Penyusun : Yananto Sulaimansyah, S.T. (Mudir Ma’had Al ‘Ilmi Yogyakarta)

About Author

2 Comments

  1. Afwan ustadz, bukankah benar مُتَعَلِّمِيْنَ karena kata tersebut jama’ mudzakkar salim dan posisi nya sebagai maf’ulbih sehingga terkena i’rab nashob? Afwan jika salah, ditunggu penjelasannya ustadz. Jazakallahu khayran…

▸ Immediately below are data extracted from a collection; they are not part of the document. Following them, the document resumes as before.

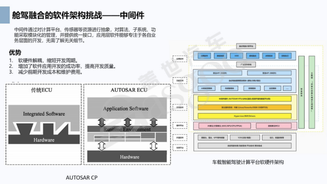 中间件技术也是舱驾融合的重要支撑。传统的ECU开发耦合度高,而中间件通过对计算平台、传感器等资源进行抽象,对算法、子系统、功能采取模块化管理,并提供统一接口。以AUTOSAR CP的RTE为例,它作为中间件,使得开发者无需关注底层细节,如摄像头驱动型号等。在开发过程中,开发者只需向中间件请求所需资源,中间件会负责适配和提供,实现了软硬件解耦。这不仅缩短了开发周期,还提高了软件应用开发的成功率和质量,降低了前期开发成本和维护费用。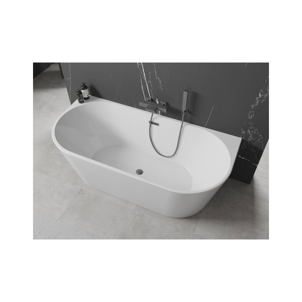 Mexen Oval, volně stojící nástěnná vana 140 x 75 cm, bílá, broušený grafit přepad, 52671407500-95
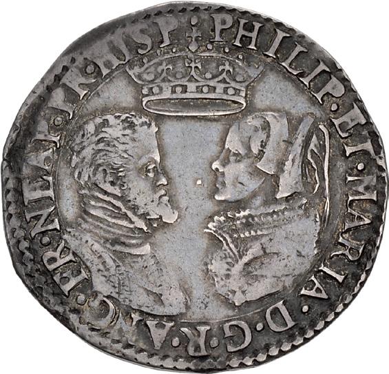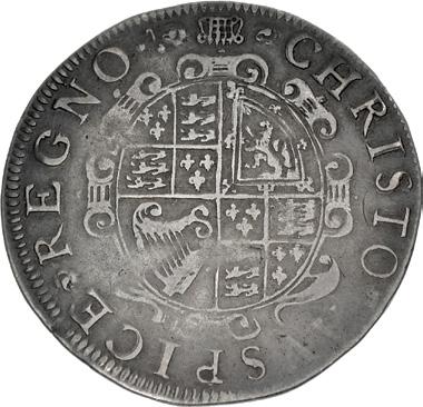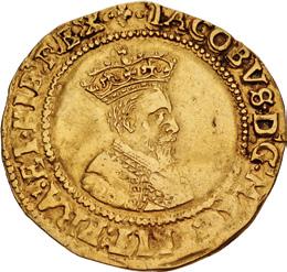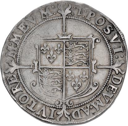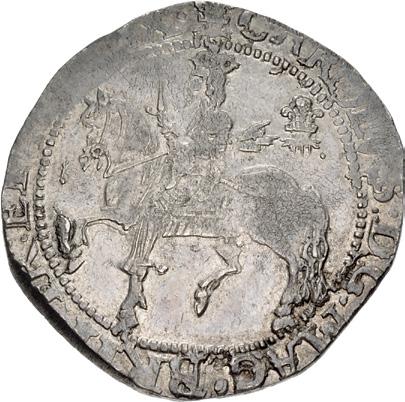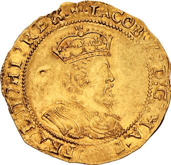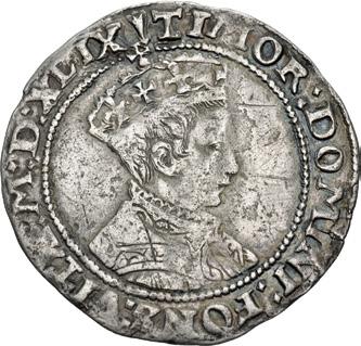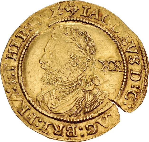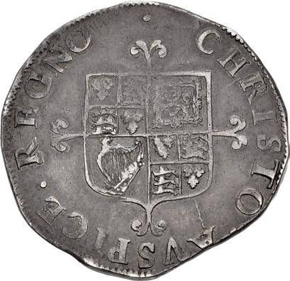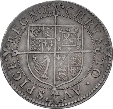 1279. SCOTLAND. James VI. 1567-1625. AR 20 Shillings (32mm, 15.06 g, 11h). Fourth coinage. Edinburgh mint. Dated 1584. Crowned and armored half-length bust left, wearing ruff and holding sword / Crowned coat-of-arms; I R and XX S (mark of value) across field. Burns –; SCBI 58 (Edinburgh), 1482 (same dies); SCBC 5489. Toned, minor edge mark. Fine. Extremely rare. ($1500)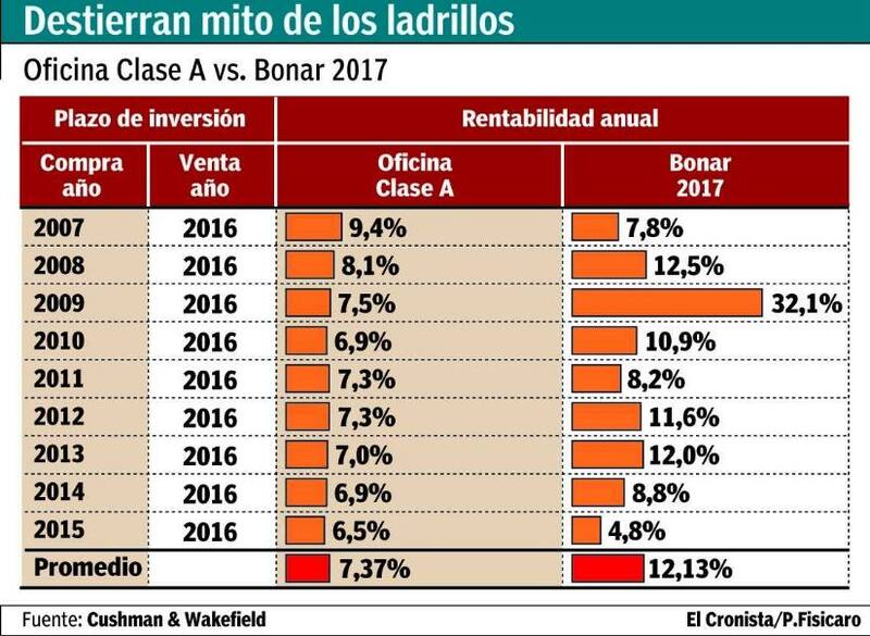 Mariano Capellino, CEO de INMSA Real Estate Investments Company, hace una salvedad: "Si se compara el rendimiento que se obtuvo en otros mercados (Estados Unidos 2009 al 2015 versus los bonos del tesoro americano) se podrá ver que ahí las oficinas cuadruplicaron el rendimiento de un bono".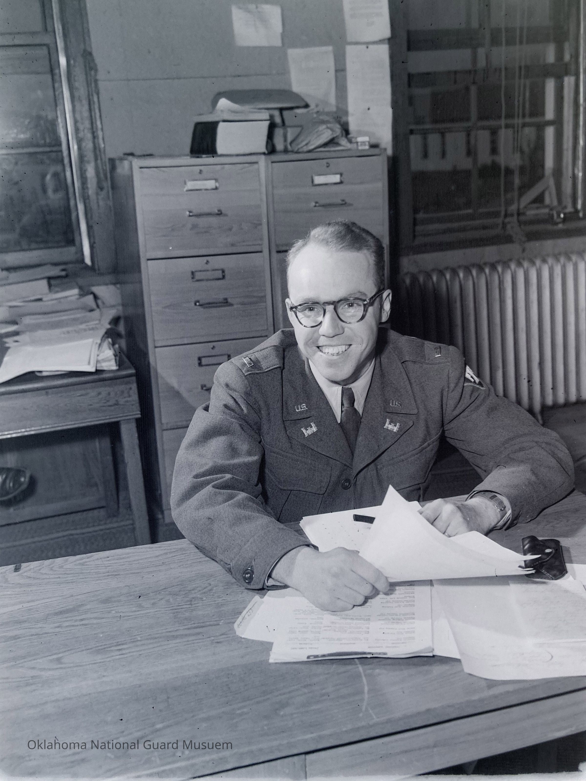 Negative of unknown officer at his desk on Hokkaido, Japan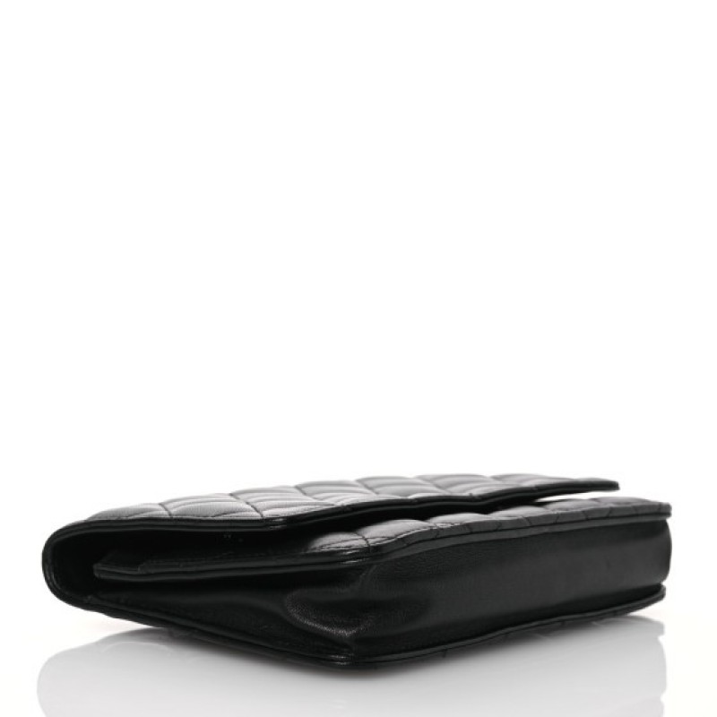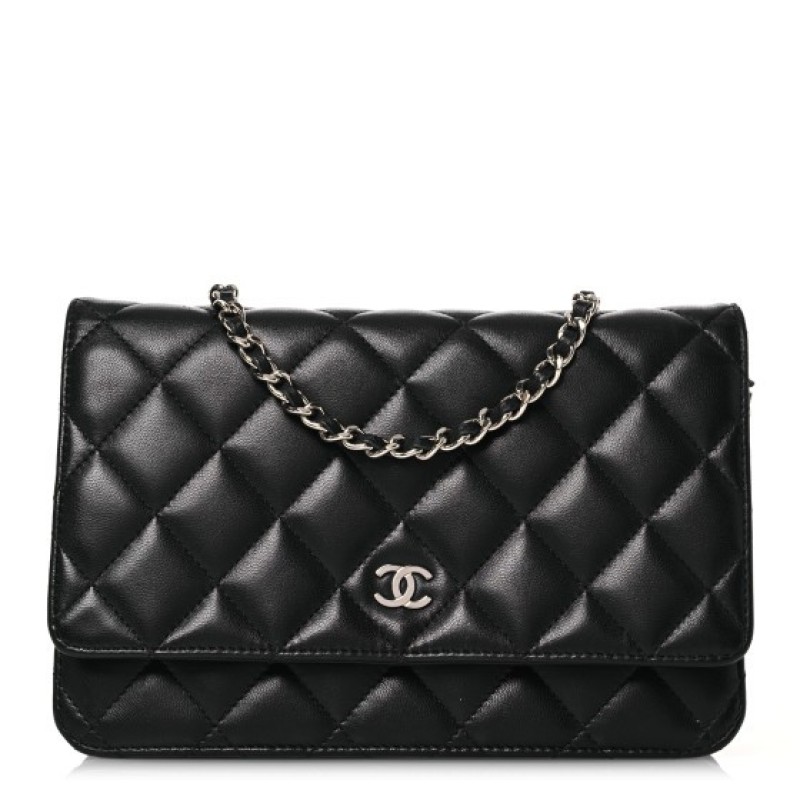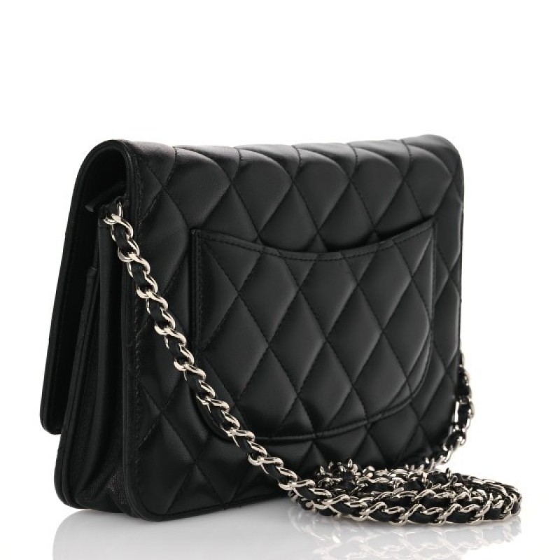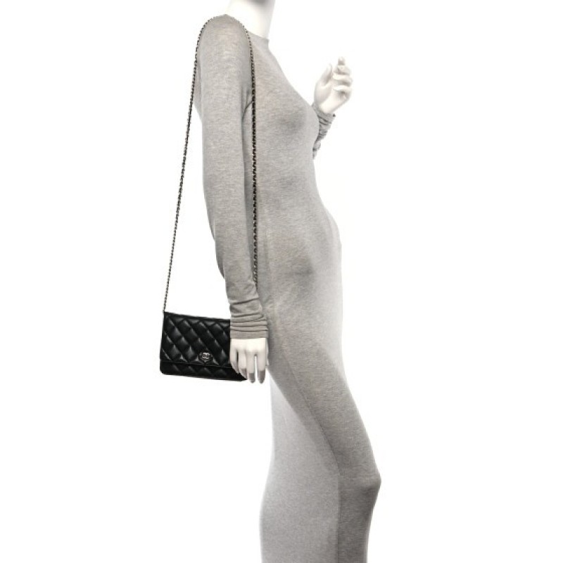 This is an authentic CHANEL Lambskin Quilted Wallet On Chain WOC in Black. This wallet is crafted of textured diamond quilted lambskin leather in black. This shoulder bag features a polished gold chain-link crossbody strap and a Chanel CC logo on the facing flap. The bag opens to a burgundy fabric interior with a zipper compartment, card slots, and a leather patch pocket.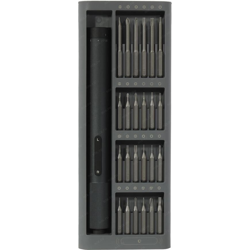| Описание | Отвертка для точных работ с Li-Ion аккумулятором, реверсом MJDDLSD003QW с набором бит и головок под шлицы Phillips, TORX, а также шестигранные, и прямые шлицы разных размеров, подходящих для любых видов работ (всего 24 биты). Момент затяжки - 3 Нм. Есть возможность выбрать момент 0.2 нм и 0.05 нм для электроники. Есть 6 удлиненных бит длиной 45 мм. Остальные биты длиной 28 мм Алюминиевый кейс для хранения |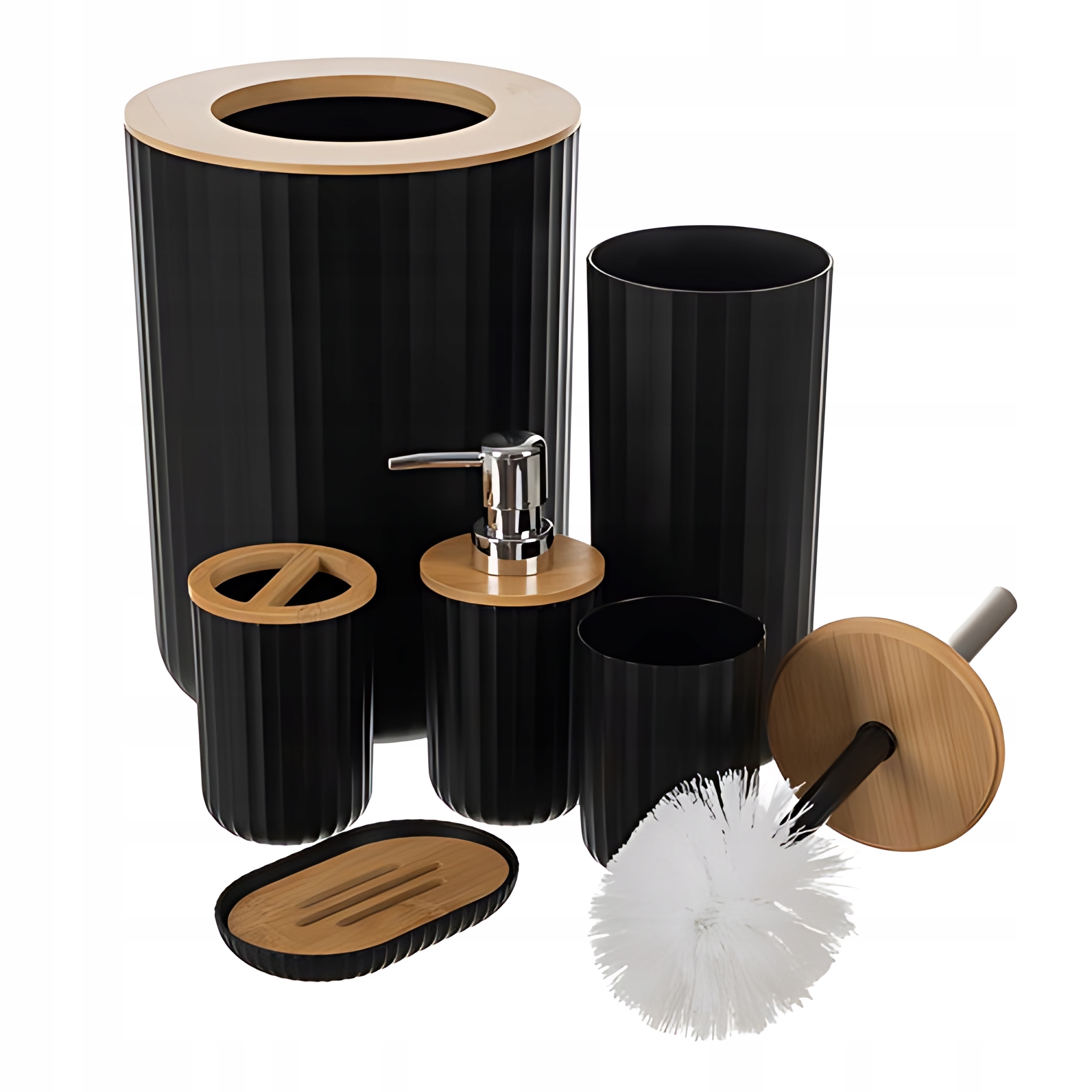 НАБОР ИЗ 6 АКСЕССУАРОВ ДЛЯ ВАННОЙ КОМНАТЫ - набор из 6 аксессуаров для ванной комнаты из высококачественного материала ПП с фурнитурой из бамбука представляет собой идеальное сочетание функциональности и элегантности. Черный цвет и зубчатая внешняя поверхность аксессуаров придают интерьеру современный характер, обеспечивая при этом комфорт и гигиену использования.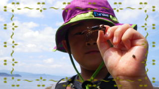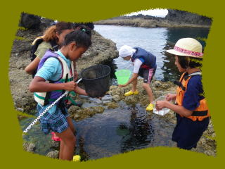 | 磯遊び&散策 箱メガネや網でカニや魚をすくってみたり、丘に登って景色を見たりと自由時間です。 |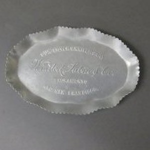 Pin tray, oval aluminum with scallped edge. Embossed lettering: "Our Silver Anniversary, Weinstock, Lubin & Co. Sacramento and San Francisco".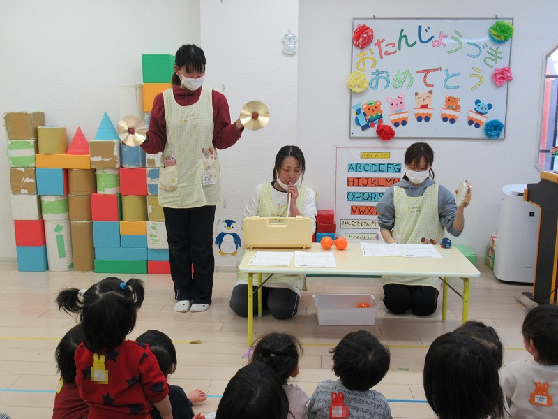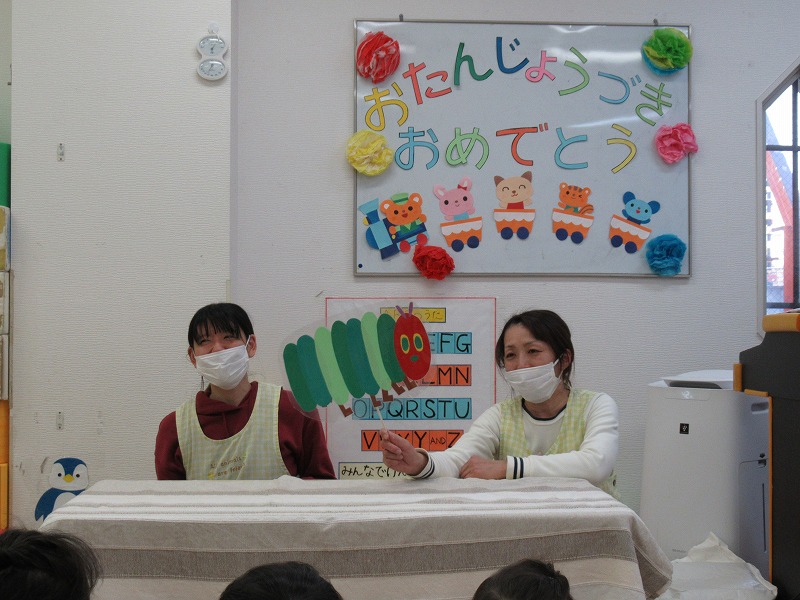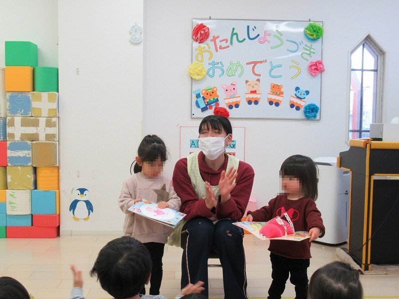 この日はお誕生月会をしました。最近すごく活発になってきた笑顔の可愛いSちゃんは満3歳♪年長園児に混じって遊ぶのがブームな、こちらも笑顔が可愛いRちゃんは満2歳♪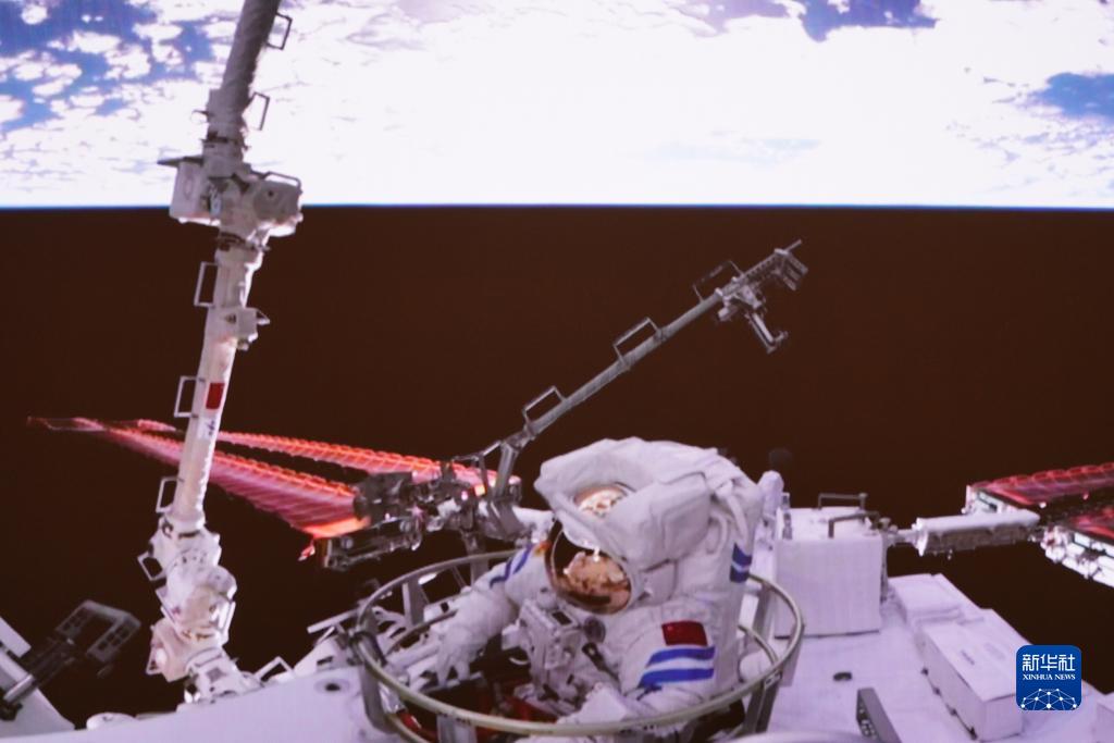 9月2日在北京航天飛行控制中心拍攝的神舟十四號航天員陳冬結束出艙任務(wù)正在返回的畫(huà)面。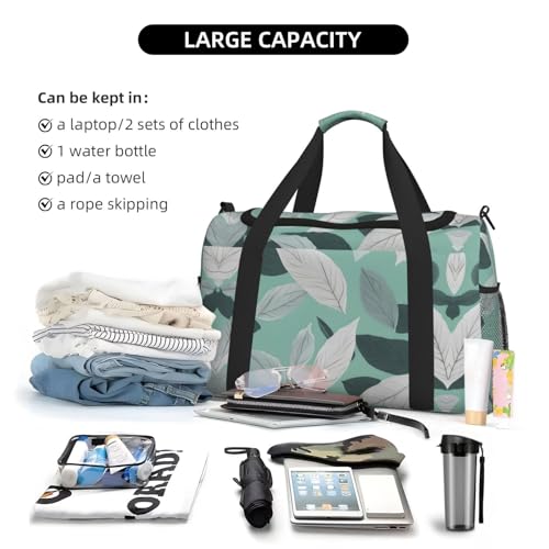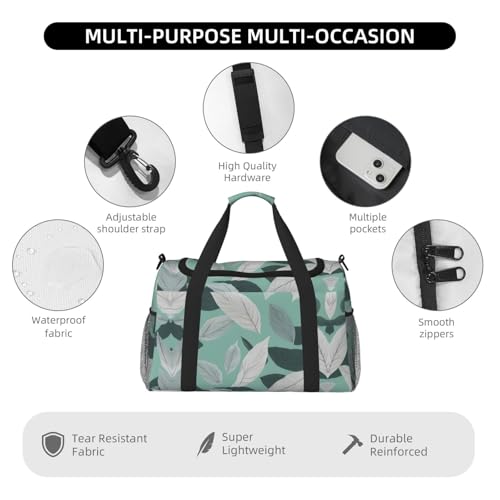 Tough Texture: Mint Gray Leaves print Travel Bag for Women is made of hardy twill, perfect for extensive travels or routine outings. The smooth and rugged nylon zippers and pulls enhance its functionality, promising easy access and a long service life.Large Interior: Mint Gray Leaves print Weekender Bag for Women in the dimension of 19.6x13x10.2 inches presents a sizable space. It can easily contain all necessities for a weekend trip, including clothes and toiletries, providing convenience.Strain Reliever: Mint Gray Leaves print Travel Duffle Bags for Women features thin pit webbing for enhanced durability and charm. Its padded handle cover wards off discomfort, serving as a reliable partner for all travels.Function Switcher: Mint Gray Leaves print Gym Bag for Women toggles between being a chic weekend essential and a practical sports accessory. It's perfect for short trips, a game of tennis, or any户外活动, always ready to meet your changing demands.Versatile Pick: Mint Gray Leaves print Travel Bag for Women caters to various needs. It accommodates clothing for travel, sports gear for fitness, and is handy for picnics or weekend getaways. An essential for a dynamic lifestyle. Perfect for everyday use. superior materials and excellent craftsmanship ensure long-lasting durability.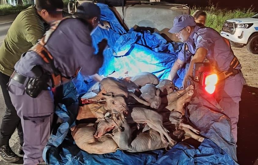 Efectivos de la Unidad Especial de Policía Ecológica (UEPE), demoraron a un infractor que se desplazaba por la Ruta Nacional 81, en un utilitario, con 18 porcinos faenados, sin respetar la cadena de frío ni las documentaciones reglamentarias para esa actividad.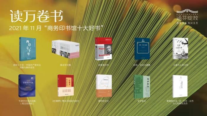2021年11月“商務印書館十大好書”8日晚在直播間發布,《兩岸七十年:中國共產黨對臺決策與事件述實》《陳志華文集》《波德萊爾傳》《法律、自由與道德》《元素與人類文明》《牛津學術英語詞典(英漢雙語版)》《<紅樓夢>整本書閱讀與研討》《善終的藝術:應對衰老、病痛、死亡的實用指南》《荀學新論》《萊奧納爾多·達·芬奇:自然與人的驚世杰作》入選。

    • إَنَّا قَوْمٌ مُتَعَلِّمِيْنَ merupakan kalimat yang disisipkan إنَّ. Aslinya kalimat tersebut bunyinya نَحْنُ قَوْمٌ مُتَعَلِّمُوْنَ (kami adalah kaum yang terpelajar).
      Kalimat نَحْنُ قَوْمٌ مُتَعَلِّمُوْنَ merupakan bentuk mubtada’ dan khabar. Mubtada’-nya adalah نَحْنُ.

      مُتَعَلِّمُوْنَ adalah sifat dari قَوْمٌ . Sehingga bentuk kata ini harus mengikuti kata قَوْمٌ baik ia dalam keadaan marfu’, manshub ataupun majrur.

      Fungsi adanya kata إنَّ adalah untuk menashobkan mubtada’ dan memarfu’kan khabar. Dalam kalimat tersebut mubtada’-nya adalah kata نَحْنُ sehingga نَحْنُ harus dinashobkan.

      نَحْنُ merupakan isim mabniy sehingga tidak mengalami perubahan bentuk. Dan sebagai dhamir kata نَحْنُ jika disandingkan dengan إنَّ keduanya menjadi menyatu. Ditulis : إَنَّا (dengan alif).
      Maka kata إَنَّا di kalimat awal artinya adalah sesungguhnya kami.

      Kemudian kata قَوْمٌ i’rabnya rafa’ sehingga tidak mengalami perubahan karena sedari awal memang sudah marfu’. Sehingga sifat dibelakangnya juga harus marfu’. Maka tidak tepat jika ditulis مُتَعَلِّمِيْنَ dan harus ditulis مُتَعَلِّمُوْنَ.